Ainda que o despacho que vier a ser publicado determine que os efeitos da progressão se produzirão a janeiro, os docentes retidos nos 4.º e 6.º escalões acumulam prejuízos acrescidos face a qualquer outro professor e educador e, até, entre si porque:

  1. Independentemente do momento (início de janeiro ou final de dezembro) em que, no ano anterior, reuniram os requisitos para progressão (tempo de serviço, avaliação do desempenho, formação contínua e, no caso da progressão ao 5.º escalão, observação de aulas) todo o tempo que mediar entre a aquisição desses requisitos e o momento de progredirem, é perdido, nuns casos cerca de um ano e, em outros, poderá ser, apenas, um dia;
  2. Estes docentes nem sequer os 2 anos, 9 meses e 18 dias até agora recuperados pela generalidade dos professores puderam contabilizar, pois tiveram de os utilizar para integração na lista de graduação dos docentes que aguardam vaga, perdendo, definitivamente, esse tempo de serviço;
  3. Muitos destes docentes deveriam ter sido dispensados da obtenção de vaga, pois foram avaliados de Muito Bom ou Excelente, todavia, devido à aplicação das quotas de avaliação, apenas lhes foi atribuída a menção de Bom, o que lhes retirou tal dispensa, gerando uma situação de desigualdade relativamente a outros que obtiveram igual classificação ou, mesmo, inferior;
  4. Os professores que exercem atividade na Região Autónoma dos Açores, tendo uma estrutura de carreira igual à do continente e, muitos deles, em mobilidade, atual ou futura, para o território continental, não se sujeitam a vagas, o que significa que passam à sua frente, criando uma situação de desigualdade e acentuando a discriminação que, por exemplo, já resulta do facto de naquela região autónoma estar a ser integralmente contabilizado o tempo de serviço prestado no período de congelamento das carreiras; na Região Autónoma da Madeira, a situação é diferente, mas, na prática, semelhante, pois, existindo regime de vagas, até hoje sempre o número foi igual ao de candidatos à progressão.
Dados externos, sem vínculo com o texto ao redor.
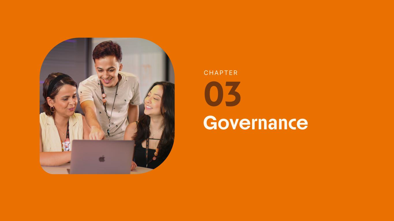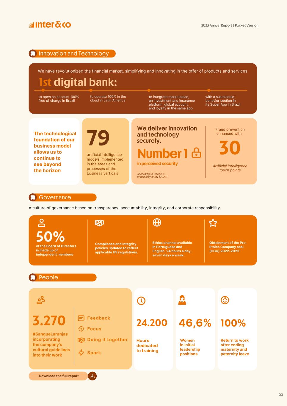 to open an account 100% free of charge in Brazil 1st digital bank: to integrate marketplace, an investment and insurance platform, global account, and loyalty in the same app 79 The technological foundation of our business model allows us to continue to see beyond the horizon We have revolutionized the financial market, simplifying and innovating in the offer of products and services to operate 100% in the cloud in Latin America 79 We deliver innovation and technology securely. According to Google's principality study (2023) Number 1 in perceived security 03 with a sustainable behavior section in its Super App in Brazil A culture of governance based on transparency, accountability, integrity, and corporate responsibility. of the Board of Directors is made up of independent members 50% Ethics channel available in Portuguese and English, 24 hours a day, seven days a week. Compliance and Integrity policies updated to reflect applicable US regulations. Obtainment of the Pro- Ethics Company seal (CGU) 2022-2023. Innovation and Technology Governance artificial intelligence models implemented in the areas and processes of the business verticals Fraud prevention enhanced with 30 Artificial Intelligence touch points 3.270 Feedback Focus Doing it together Spark #SangueLaranjas incorporating the company's cultural guidelines into their work People 24.200 100% Hours dedicated to training Women in initial leadership positions 46,6% Return to work after ending maternity and paternity leave 2023 Annual Report | Pocket Version Download the full report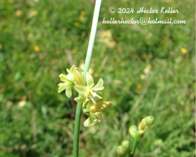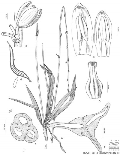Hierba acaule, inerme, 0,30-1 m altura, hojas basales arrosetadas, linear-lanceoladas, borde liso, sin estiloides, 17-23-nervadas, 4,5-14 cm × 4-10 mm, rara vez 1 roseta foliar sobre el eje floral. Inflorescencia terminal, sobre eje bracteado, simple, ocasionalmente voluble hacia el ápice; fascículos 2-5 flores, brácteas triangulares a rómbico-deltoides, 1-5 nervias, 1,7-8 mm de largo; pedicelos 2-5 mm de largo, articulados en la base de la flor; tépalos apenas concrescentes en la base, carnosos, amarillo-verdosos, 3-4 nervados, oblongos, ligeramente cuculados, con papilas subapicales, los exteriores de 4-4,8 × 1,5-2 mm, los interiores 3,5 × 1,5-1,8 mm ; anteras subemarginadas, 1,5-2,2 mm de largo; gineceo 3 mm de largo, ovario globoso, óvulos 5-6 por lóculo. Cápsula oblonga, 11-15 × 8-9 mm, trialada; semillas 3-4 por lóculo, 7 × 4 mm, aladas.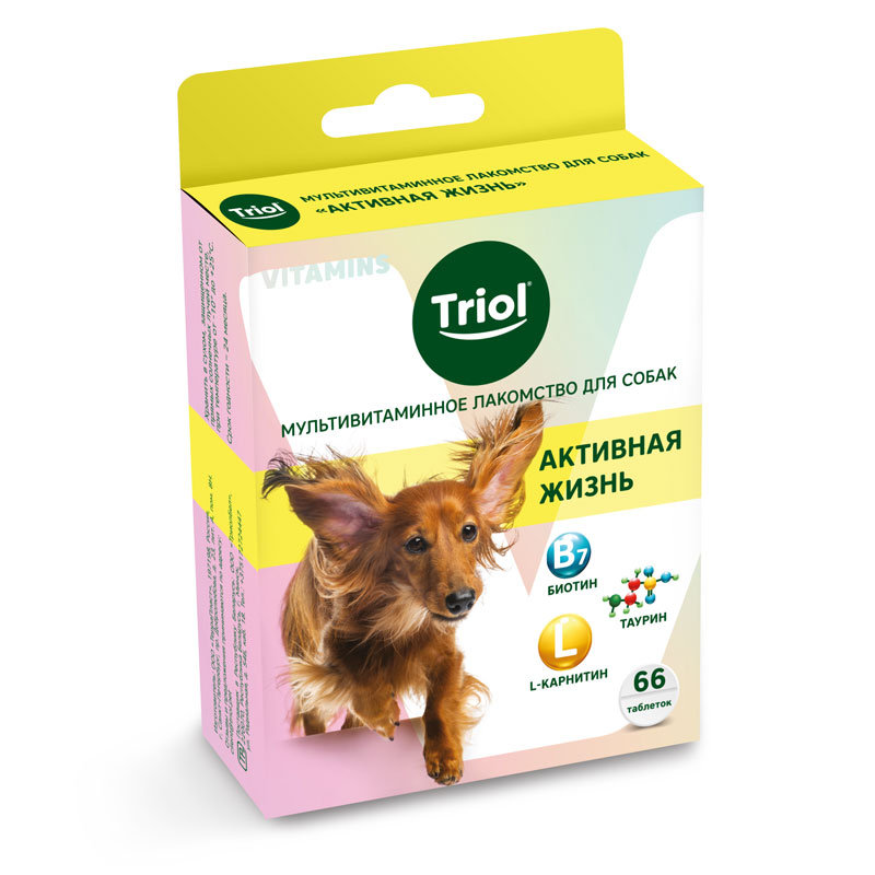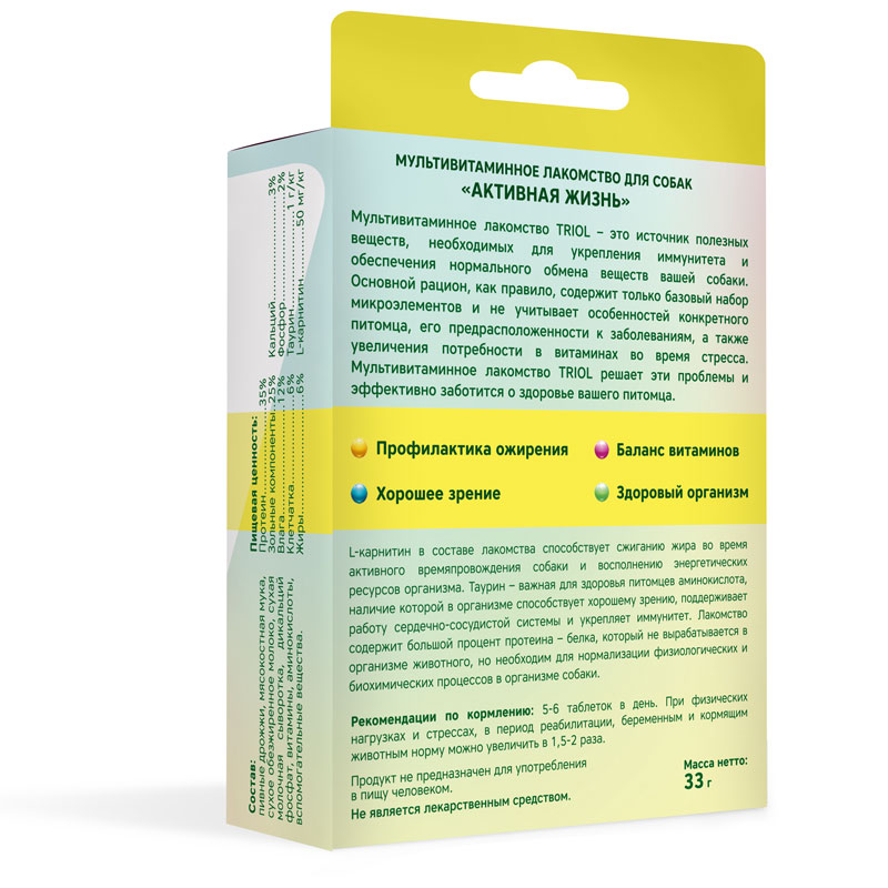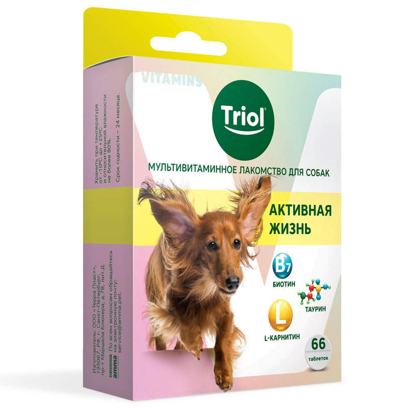 Мультивитаминное лакомство TRIOL – это источник полезных веществ, необходимых для укрепления иммунитета и обеспечения нормального обмена веществ вашей собаки. Основной рацион, как правило, содержит только базовый набор микроэлементов и не учитывает особенностей конкретного питомца, его предрасположенности к заболеваниям, а также увеличения потребности в витаминах во время стресса. Мультивитаминное лакомство TRIOL решает эти проблемы и эффективно заботится о здоровье вашего питомца. L-карнитин в составе лакомства способствует сжиганию жира во время активного времяпровождения собаки и восполнению энергетических ресурсов организма. Таурин – важная для здоровья питомцев аминокислота, наличие которой в организме способствует хорошему зрению, поддерживает работу сердечно-сосудистой системы и укрепляет иммунитет. Лакомство содержит большой процент протеина – белка, который не вырабатывается в организме животного, но необходим для нормализации физиологических и биохимических процессов в организме собаки. Масса нетто: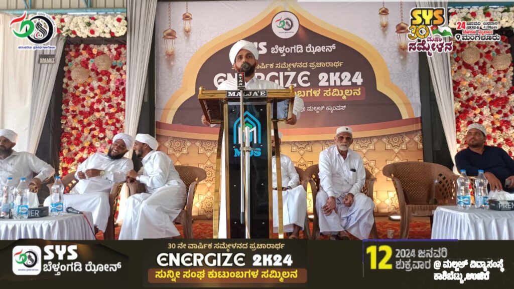 ಬೆಳ್ತಂಗಡಿ: SჄS ಕರ್ನಾಟಕ ರಾಜ್ಯ ಸಮಿತಿಯ 30 ನೇ ವಾರ್ಷಿಕ ಸಮ್ಮೇಳನ ದ ಪ್ರಚಾರಾರ್ಥ SჄS ಬೆಳ್ತಂಗಡಿ ಝೋನ್ ನಡೆಸಿದ ENARGIZE-2K24 ಸುನ್ನೀ ಸಂಘ ಕುಟುಂಬದ ಸಮ್ಮಿಲನ ಕಾರ್ಯಕ್ರಮ ದಿನಾಂಕ 2024 ಜನವರಿ 12 ರಂದು ಮಲ್ಜಅ್ ವಿದ್ಯಾಸಂಸ್ಥೆ ಬಹಳ ಯಶಸ್ವಿಯಾಗಿ ನಡೆಯಿತು.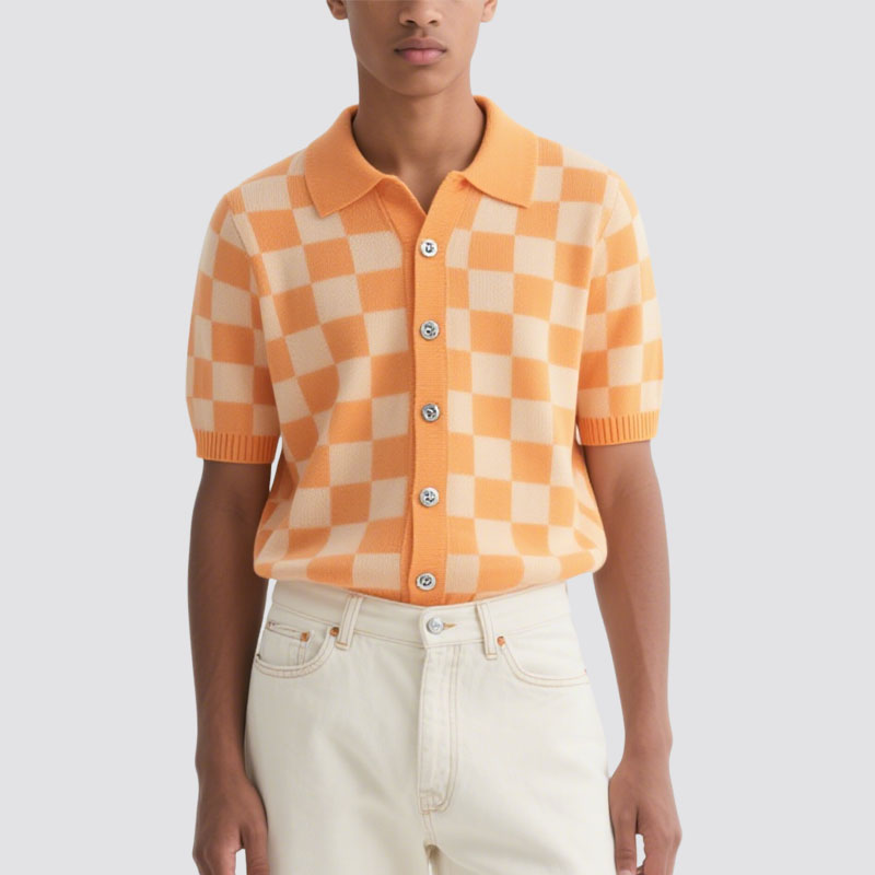Men’s Orange Checkered Knitted Polo Shirt Short Sleeve Trendy Look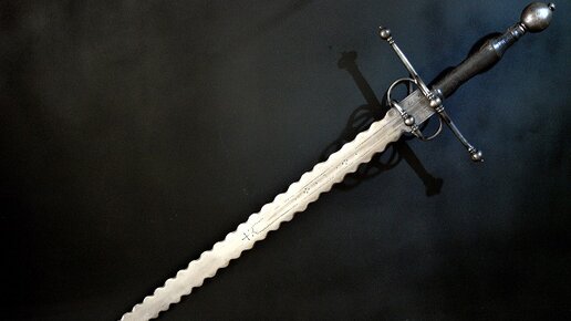 Я с детства все пилила, что могла. Призванье, видно, у меня такое! Пилою моя мамочка была, И бабушка моя была пилою... Песенка рыбы-пилы из мультика "Голубой щенок" Фламберг, фламберг... Название красивое, правда? От французского "flamme" - пламя. Соответственно, другое название этого оружия - "пламенеющий меч". Люди прошлого любили пышные названия, мы бы сейчас, скорее, обозвали это оружие производным от слова "пила". Фламберг - с моей точки зрения, честно говоря, меч попсовый. Про него модно сейчас писать, и ни одна статья про двуручные мечи без него не обходится...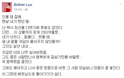 Sau khi công khai chuyện đường ai nấy đi với người yêu 9 năm Đinh Tiến Đạt, Hari Won lặng lẽ về Hàn Quốc cùng gia đình. Mới đây, cô chia sẻ trên trang cá nhân status khá tâm trạng. Dù không đề cập cụ thể, nhưng qua dòng tâm sự này, khán giả cảm nhận được sự đau khổ cũng như dần đoán nguyên nhân của sự tan vỡ bắt nguồn từ sự vô tâm của chàng rapper. Chưa hết, cuối chia sẻ cô còn cho biết không thích quay trở lại Việt Nam.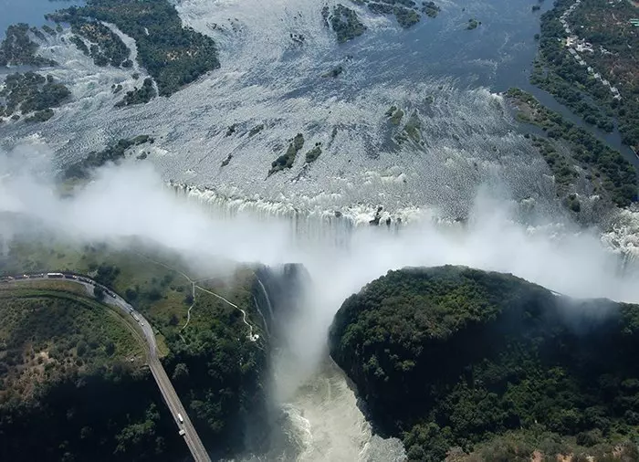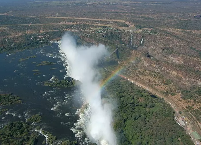 Det kan man däremot göra ovanifrån! Ovanifrån får du en spektakulär utsikt över de många ravinerna, som de enorma mängderna vatten har skapat genom tiderna. En lång helikoptertur ger naturligtvis flera möjligheter till riktigt bra bilder, och en kortare tur på 10 minuter bjuder på en fantastisk utsikt och goda möjligheter att få bra bilder med dig hem på vattenfallet i hela dess längd, inklusive regnbågarna, som nästan alltid bildas i vattendropparna från de rasande vattenmängderna. Det är inte utan anledning som Victoriafallen på det lokala språket heter Mosi-oa-Tunya, vilket betyder ”den dundrande röken” (”Smoke that thunders”).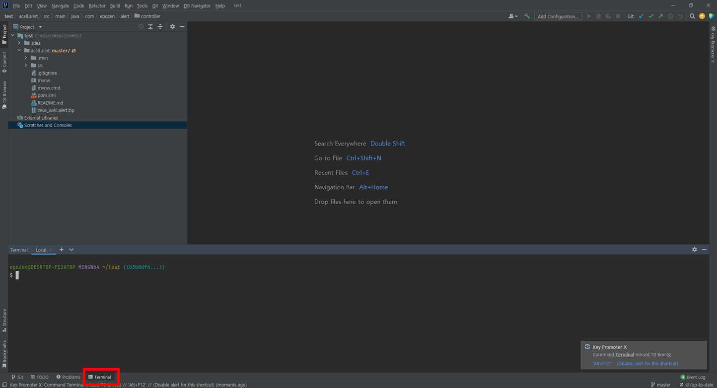 - Open된 프로젝트에서 아래 Terminal 버튼 클릭해서 git bash로 설정하기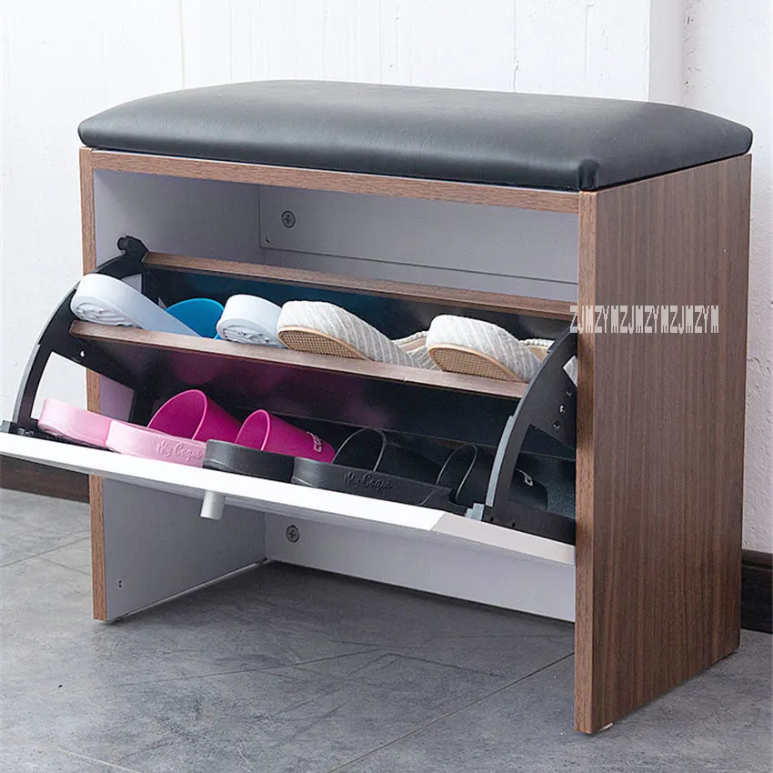 US $35.10ND190508 Living Room Double Deck Wood Shoe Storage Cabinet Doorway Creative Wood Shoe Rack Modern Fabric Shoes Trying Stool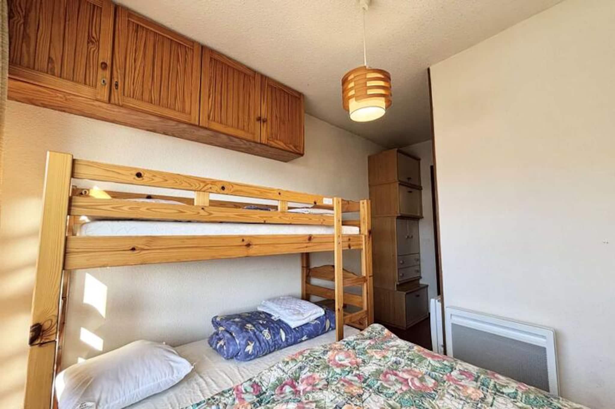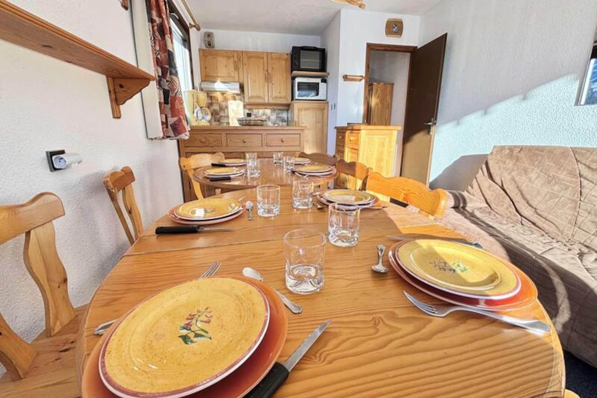 Højt over Tarentaise-dalen tilbyder denne charmerende ferielejlighed en perfekt blanding af alpin komfort og bekvemmelighed. Vågn op til en betagende udsigt over bjergene fra den rummelige hjørnebalkon, og træd ind i en verden af ??eventyr lige uden for døren. Uanset om du er her for at grave dig gennem pudrede skråninger om vinteren eller sole dig i sommersolen ved den private pool, lover dette tilflugtssted uforglemmelige øjeblikke i hjertet af de franske alper. \n\nLejligheden på 49 m² er omhyggeligt designet til at rumme op til otte gæster. Den har et hyggeligt soveværelse i kahytten med køjesenge, et andet soveværelse med en dobbeltseng og ekstra køjesenge (bemærk: den øverste køjeseng er ikke egnet til børn under seks år) og en stue med en dobbeltsovesofa. Det åbne køkken inviterer dig til at tilberede solide måltider efter en dag med udforskning, mens det separate badeværelse, brusebad og toilet sikrer komfort og privatliv for alle. Med elevatoradgang, et skirum og valgfri privat garageudlejning er hver eneste detalje blevet tænkt over for at gøre dit ophold problemfrit. \n\nBeliggende kun 50 meter fra ESF skiskole og billetkontorer, og 100 meter fra byens centrum, finder du alt hvad du behøver inden for rækkevidde. Om sommeren kan du nyde stedets tennisbane og udendørs swimmingpool, eller udforske de omkringliggende stier og naturlige skønhed. Den store parkeringsplads ved foden af ??bygningen bidrager til bekvemmeligheden og gør denne ejendom til en fantastisk base for dine alpine eventyr. \n\nUanset om du søger spændende skidage, rolige sommerferier eller et hyggeligt tilflugtssted med dine kære, er denne lejlighed det perfekte valg. Med sin uovertrufne beliggenhed og indbydende faciliteter er det tid til at skabe varige minder i de maleriske franske alper.
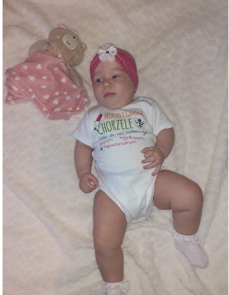 Prezentujemy zdjęcie naszej małej, pięknej Mieszkanki w chorzelskich bodziakach wręczanych przez burmistrz Beatę Szczepankowską! Czekamy na kolejne.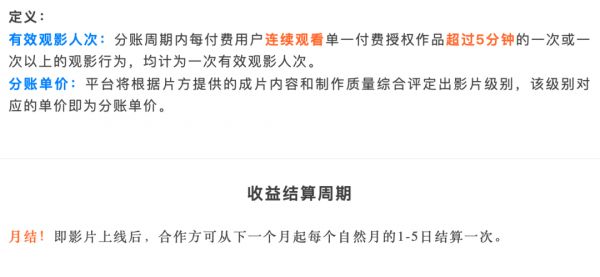 与此同时,腾讯视频也对结算周期进行了更新,将周期缩短至月结,即影片上线后,合作方可从下一个月起每个自然月的1-5日结算一次。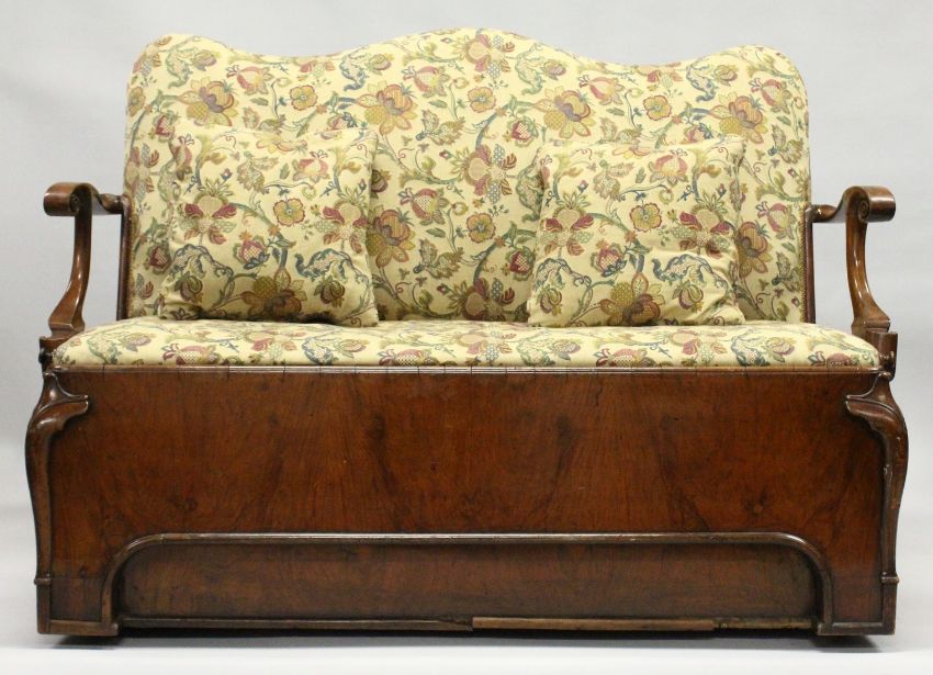 A LONG GEORGIAN MAHOGANY SETTEE with show wood arms and padded back and seat.

A FENPROF apresenta esta denúncia de uma situação que retinha, em 31 de dezembro de 2020 (data a ter em conta para efeitos de fixação do número de vagas), 2021 docentes no 4.º escalão da carreira e 1343 no 6.º escalão, destes, 577 pelo segundo ano consecutivo, e solicita que sejam acionados os mecanismos que considere adequados, com vista a ultrapassar os problemas de legalidade e corrigidas as injustiças que geram discriminações entre professores da mesma escola, entre docentes de escolas diferentes, mas sujeitos à mesma tutela (Ministério da Educação),  e, ainda, em relação aos docentes que exercem atividade nas regiões autónomas».